▸ DATA EXTRACT
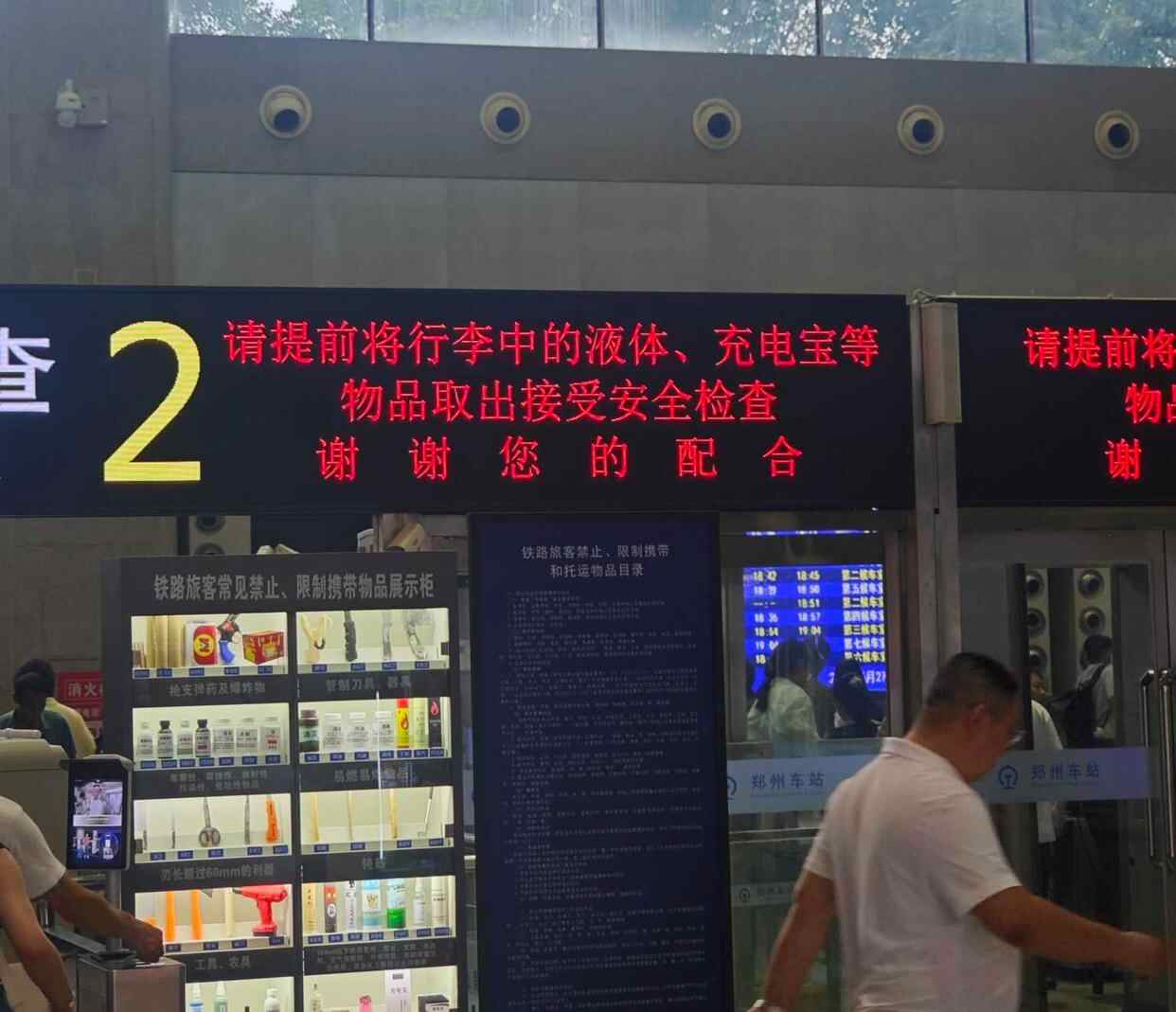 郑州火车站内,安检口的大屏幕上提示旅客:“提前将行李中的充电宝取出接受安全检查”。工作人员表示,根据《铁路旅客禁止、限制携带和托运物品目录》,标志清晰的充电宝、锂电池,单块额定能量不超过100Wh。
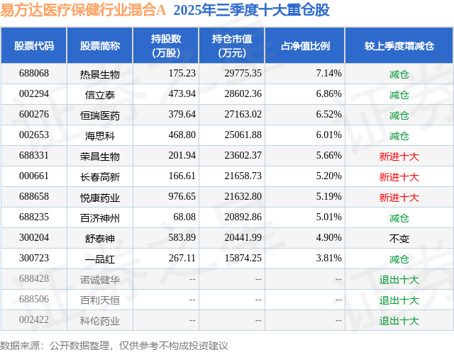 根据2025基金Q3季报公募基金重仓股数据,重仓该股的公募基金共19家,其中持有数量最多的公募基金为易方达基金的易方达医疗保健行业混合A。易方达医疗保健行业混合A目前规模为38.02亿元,最新净值4.273(11月14日),较上一交易日上涨0.42%,近一年上涨31.56%。该公募基金现任基金经理为杨桢霄。杨桢霄在任的基金产品包括:易方达全球医药行业混合发起式(QDII)A(人民币),管理时间为2020年1月20日至今,期间收益率为33.4%;易方达医药生物股票A,管理时间为2020年11月4日至今,期间收益率为-7.55%。
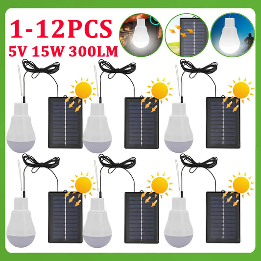 1-12pcs 5V 15W 300LM Solar Lighting Bulb Portable Solar Power Panel Battery Charger Energy Saving Outdoor Lamp USB Rechargable
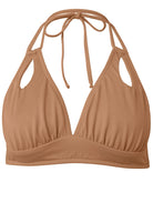 Bring on the heat when you slip into this halter neck bikini top with its V-cut front, peek-a-boo cutouts at the top of both cups and gentle gathers at the base of the cups for flattering fullness. Secure the back and neck ties and get set for a day in the sun!

▸ ABOUT THIS EXERCISE
From the line that contains "根据2025基金Q3季报公募" down to the last line of the material above, every line must be repeated exactly, with pictures removed and both end lines included.

▸ WRITTEN ANSWER
 根据2025基金Q3季报公募基金重仓股数据,重仓该股的公募基金共19家,其中持有数量最多的公募基金为易方达基金的易方达医疗保健行业混合A。易方达医疗保健行业混合A目前规模为38.02亿元,最新净值4.273(11月14日),较上一交易日上涨0.42%,近一年上涨31.56%。该公募基金现任基金经理为杨桢霄。杨桢霄在任的基金产品包括:易方达全球医药行业混合发起式(QDII)A(人民币),管理时间为2020年1月20日至今,期间收益率为33.4%;易方达医药生物股票A,管理时间为2020年11月4日至今,期间收益率为-7.55%。
 1-12pcs 5V 15W 300LM Solar Lighting Bulb Portable Solar Power Panel Battery Charger Energy Saving Outdoor Lamp USB Rechargable
 Bring on the heat when you slip into this halter neck bikini top with its V-cut front, peek-a-boo cutouts at the top of both cups and gentle gathers at the base of the cups for flattering fullness. Secure the back and neck ties and get set for a day in the sun!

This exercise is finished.